We can all agree that a great way to accomplish work goals is through teamwork. Employers suggest what’s missing from today’s emerging new remote work model is the team piece, the healthy back-and-forths that can only happen when everyone is in the same room, preferably a conference room at HQ, ideally one equipped with a whiteboard.
Workers reply there are plenty of ways to collaborate. New ways. Better ways. When it comes to brainstorming, bulky dry erase boards are optional, possibly even superfluous. From instant messaging to video conferencing (with breakout rooms) to collaborative whiteboards, technology is making it easier than ever to work across space and time to turn ideas into action. These tools can also bring more organization and greater productivity to your team’s work.

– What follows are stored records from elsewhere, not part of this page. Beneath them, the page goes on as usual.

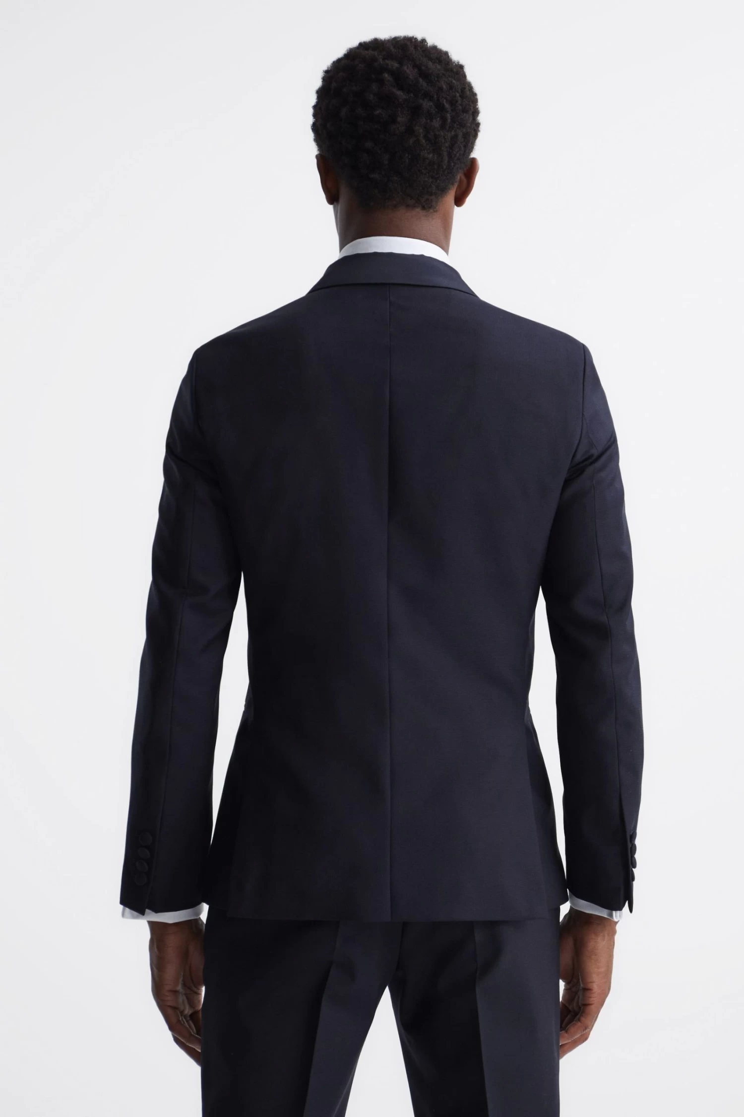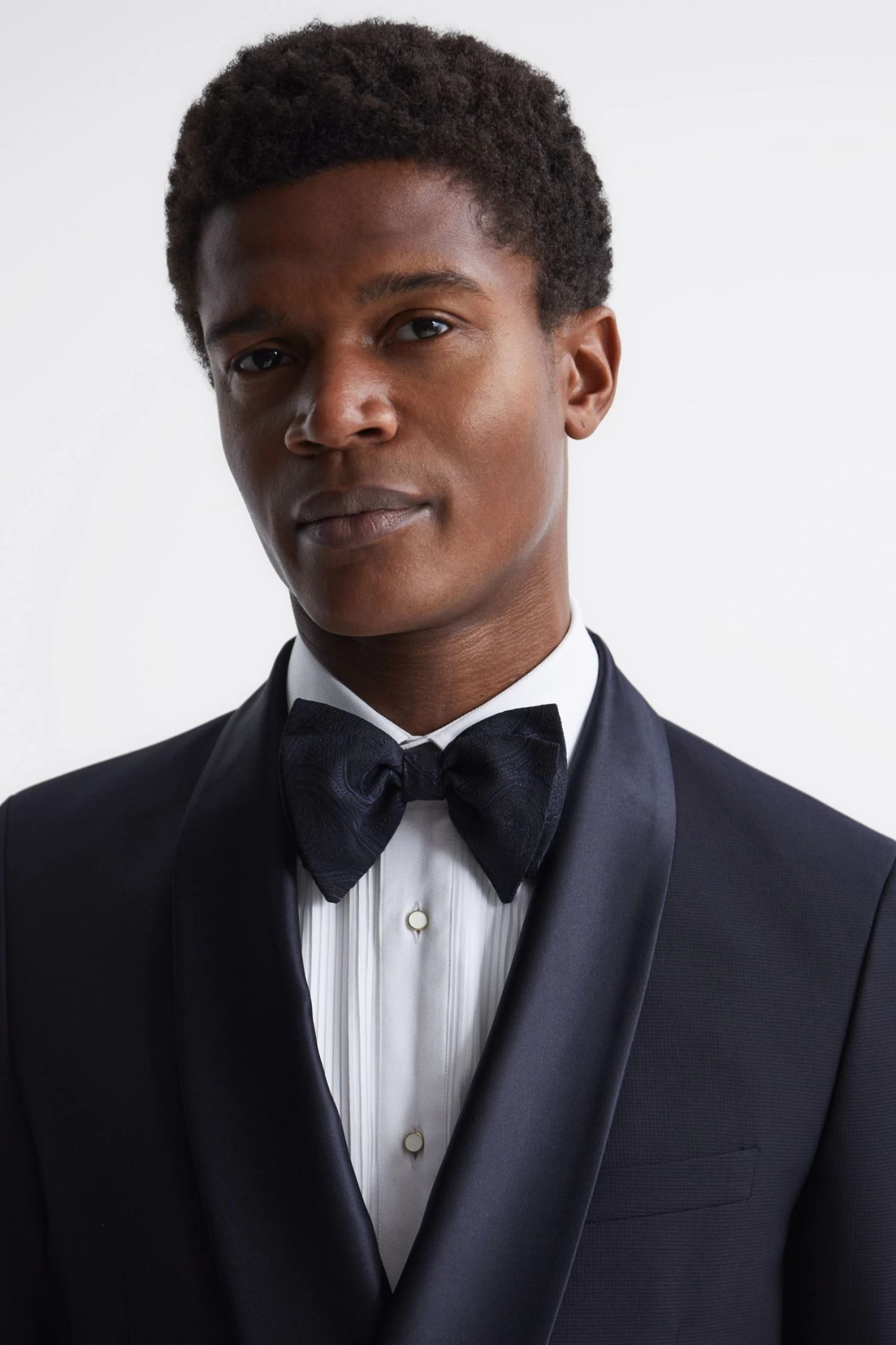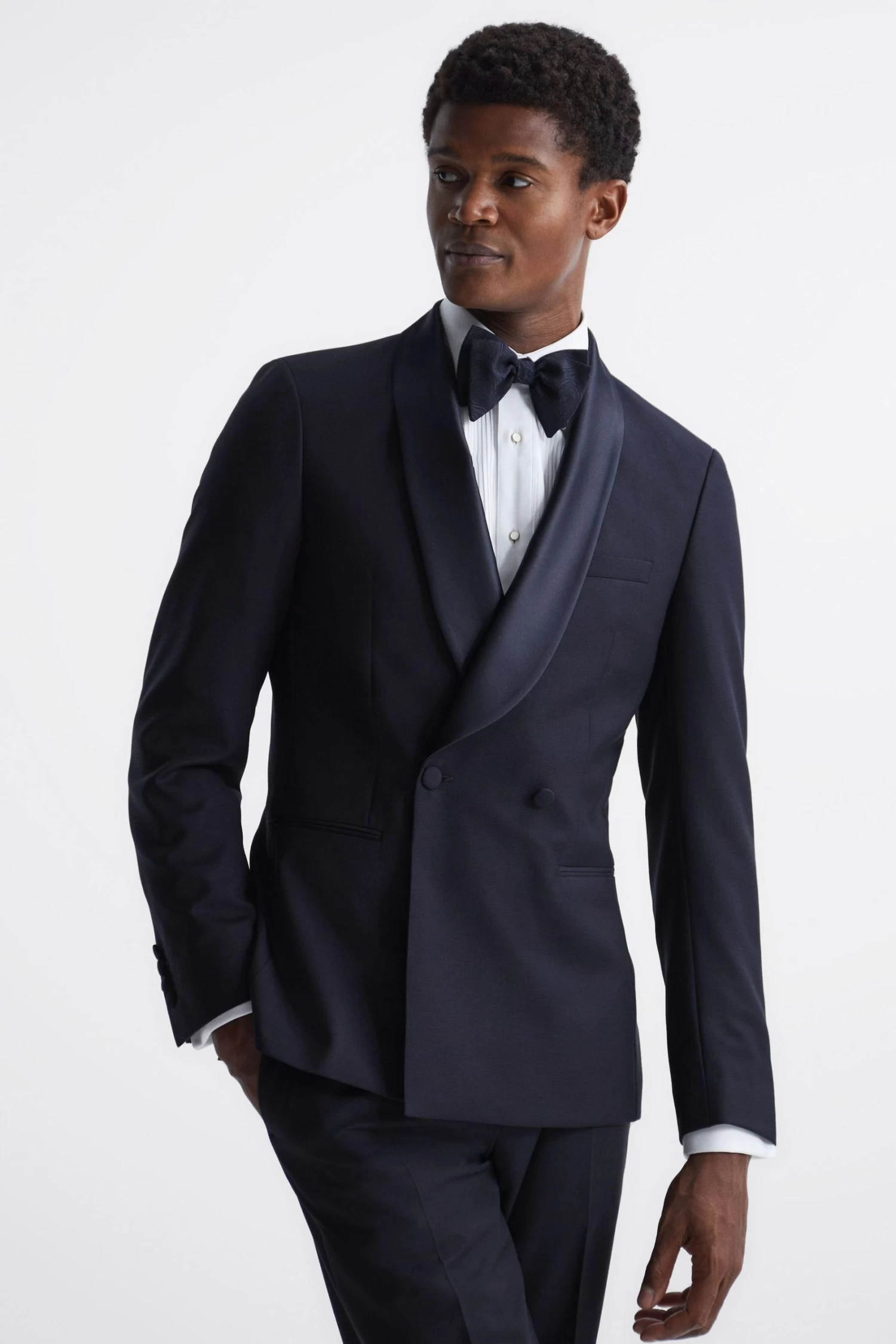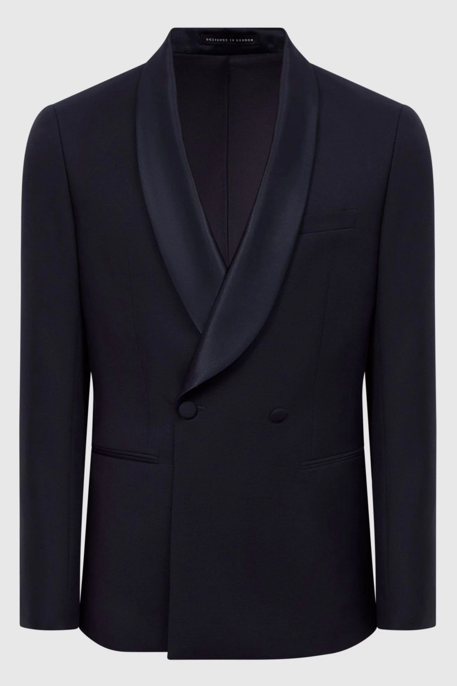 The Expose double breasted blazer in navy is crafted from 100% wool for a textured finish and features satin shawl lapels. This contrast adds a lustrous look and handle, making it a standout occasion piece. Buttoned cuffs and a double vent to the rear are added to maintain the tailored look and feel of the garment. Style over a dress shirt and add a bow tie for a sleek formal edit. Double-breasted. Satin shawl lapels. Buttoned front. Buttoned cuffs. 100% wool. Textured finish. Dual jetted pockets to hip. Chest welt pocket. Internal pockets. Double vent to rear. Fully lined. The model is wearing a size 38. Measurements of model: Height 6ft 2.5″ / 189cm.
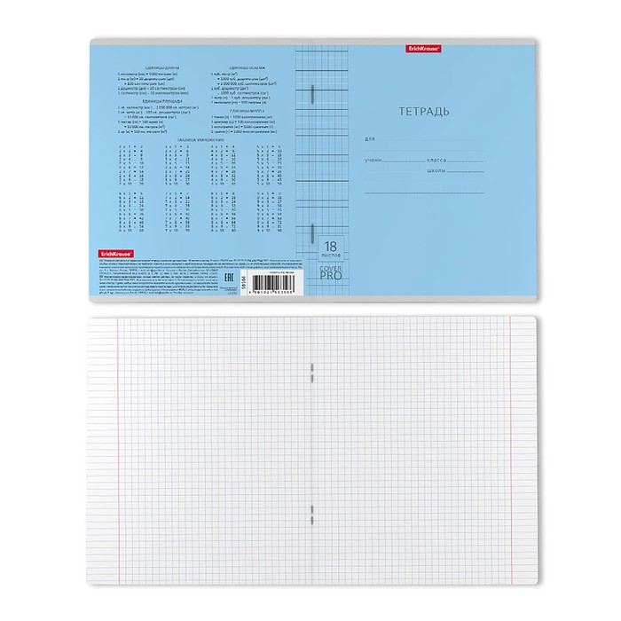 Тетрадь 18 листов в клетку, ErichKrause "Классика CoverPrо", пластиковая обложка, мелованный картон, блок офсет 100% белизна, МИКС, цена за 1 штуку — Характеристики
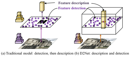 The learning-based method of MagicPoint can replace the handcrafted labeling of feature points, but a small amount of handcrafted labeling data is still required when obtaining the pre-trained model. Ono et al. [85] proposed LF-Net, which is an end-to-end model that uses unsupervised training. This method directly uses the stereo images obtained by a metric camera, an image depth map, the camera position, and orientation data, and other prior information to complete the end-to-end model training, which greatly reduces the need for manual intervention and promotes the automated process of deep-learning matching. In addition, Dusmanu et al. proposed a combination of feature detection and descriptor extraction that can make more effective use of high-level semantic information. They then proposed a simplified end-to-end model D2Net [86]. The difference between this model and the traditional model is depicted in Figure 8. Figure 8a shows the traditional “detect-then-describe” model, that is, SuperPoint [81], which is a representative model of this type, and Figure 8b shows the D2Net “describe-and-detect” model. In contrast to a Siamese or multi-branch network structure [87], D2Net adopts a single-branch network architecture, and the feature location and descriptor information of the image are stored in high-dimensional feature channels, which is thus more conducive to obtaining stable and efficient matches. However, D2Net must extract dense descriptors in the process of using high-level semantic information, which reduces the accuracy and efficiency of feature detection.
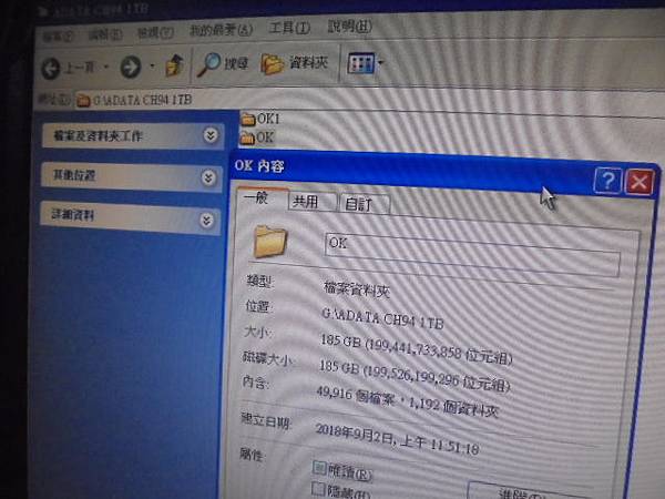 ADATA威剛CH94~1TB行動硬碟連接電腦存取→彈出尚未格式化視窗但不敢按是~經檢測後判定為邏輯性損壞→先行救回急需使用指定的教學文件檔案資料夾~前後救援處理2次的容量很相近→新北市板橋區-張小姐【OK與OK1資料夾】
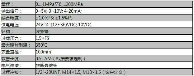 SDG-615/615T柔性管变送输出压力表采用膜片隔离、压力现场指针指示,德国原装机芯,表盘可正反安装,表壳任意360度调整可视角度。仪表内配置高精度压力、温度传感器模拟量输出。其中PT124Y-615T加垫电偶,可实现压力温度同点测量。
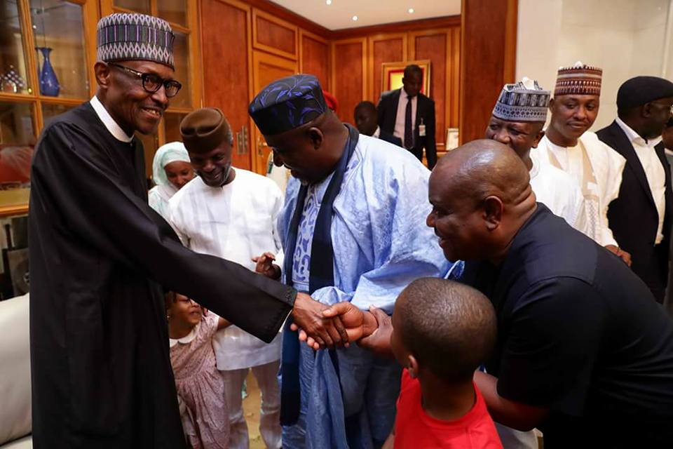 President Buhari is pictured below with his children and grandchildren at Aso rock after the news of his return stole first place on the trends chart.
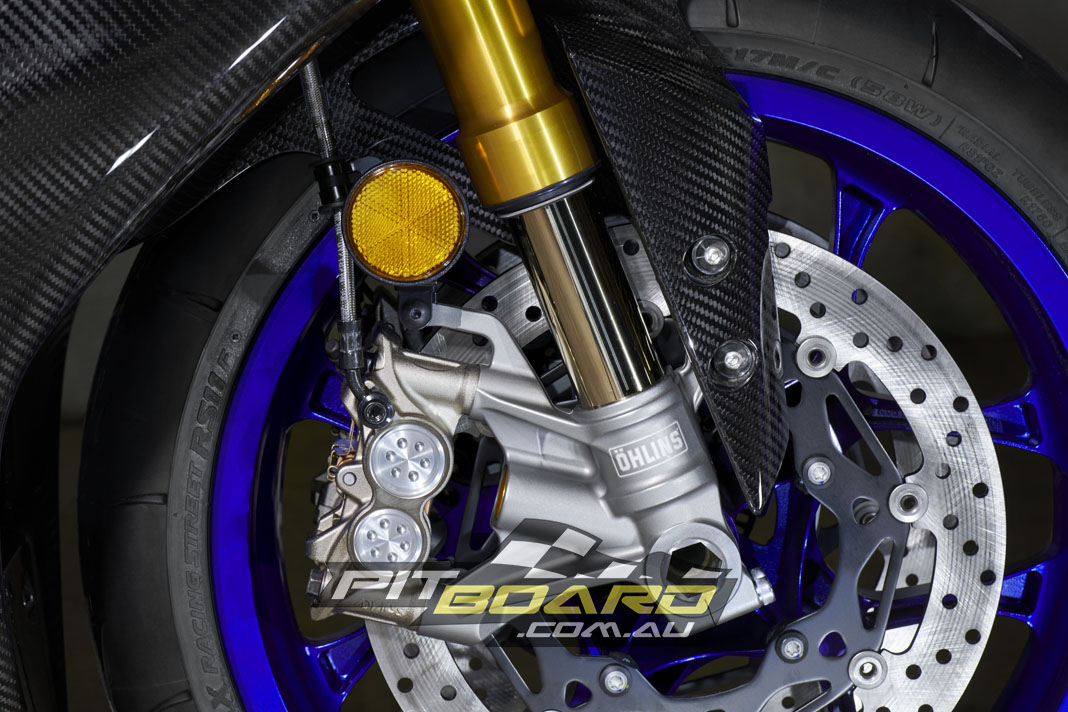 - Öhlins ERS NPX front fork with integrated gas cylinder and optimised rear shock settings (R1M)
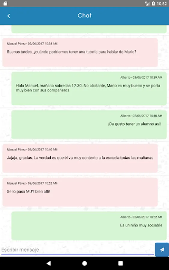 * Chat father-center. Parents can send messages to the center and the center answer them in a chat-style view.
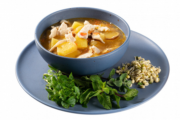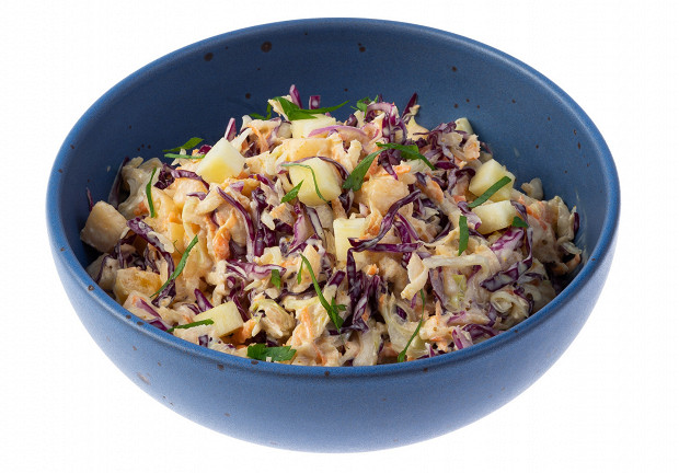 Усовершенствованная будничная классика родом из детства. Исторически в этом салате не было никакого ананаса, но он туда очень красиво вписывается, как и карри с сельдереем.
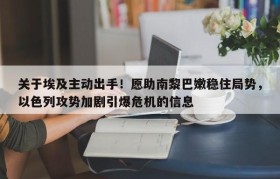 关于埃及主动出手!愿助南黎巴嫩稳住局势,以色列攻势加剧引爆危机的信息
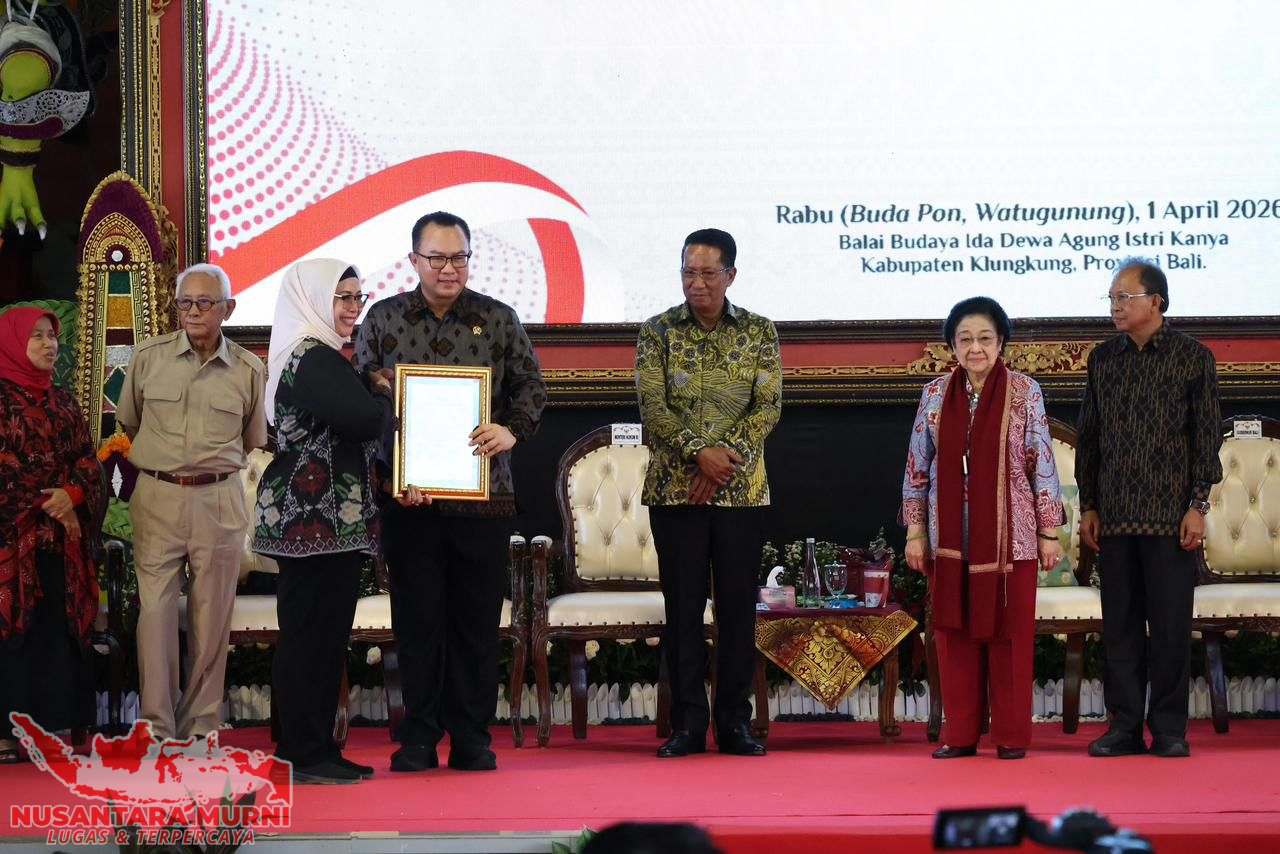 Klungkung,NUSANTARAMURNI.com– Kepala Kantor Wilayah Kementerian Hukum Bali, Eem Nurmanah menerima Sertifikat Hak Kekayaan Intelektual (HKI) berupa Surat Pencatatan Ciptaan yang diserahkan oleh Kepala Badan Riset

Creating and collaborating from anywhere is only half of it. Remote-first technology makes workplace culture both more expansive (recruit globally!) and more equitable (work from where it works for you!), which for companies that embrace it is helping to promote greater diversity and improve recruitment.
Watercooler talk has a mythical place in America’s workplace lore. Whether or not an actual watercooler is involved, employers lament the loss of those casual, ad hoc conversations that help reinforce a sense of community, and can even spark big, transformative ideas.
Workers say…meh. Those serendipitous encounters weren’t nearly as frequent as their employers would like to believe. Office politics was far a far more frequent occurrence and no one misses that. Remote work has a liberating aspect that enables workers to focus on their jobs, while eliminating the distractions that can make those jobs harder to do.
And for those who can’t shake their attraction to watercooler chitchat, a flood of virtual watercooler technology is rushing in to fill that void. Applications like Donut and Gatheround help teams “connect around the watercooler” wherever it works best for them.
If the remote-first concept represents a powerful pivot in a positive workplace direction, there’s still work to be done. Hybrid isn’t a switch that can be flipped and forgotten.. There are plenty of steps workplace leaders can and need to take in order to realize hybrid’s promising rate of return.
As companies and workers contemplate their office return plans, forcing people back to the office is a risky gambit. Setting aside the fact that workplace choice improves productivity, efficiency and morale, that it allows people to spend more time doing their jobs than commuting to their jobs, it risks reversing advances in workplace efficiency that may have emerged (by necessity) during the pandemic. The idea is to build on those advances, not undermine them. Returning to the office shouldn’t mean turning back time.
A forward-thinking hybrid approach, one that supports office-based and remote options, will benefit your employees and your business. If you think about it, office culture exists for your employees. It should work for them and empower them to do their best work. It should make them feel like they’re part of a team. It’s not about daily commutes, whiteboard sessions, or chance encounters at the watercooler or in the office kitchen. It’s about cultivating a workplace policy that responds to employee concerns and that meets your people where they are.
And when you do that, your business is sure to go places.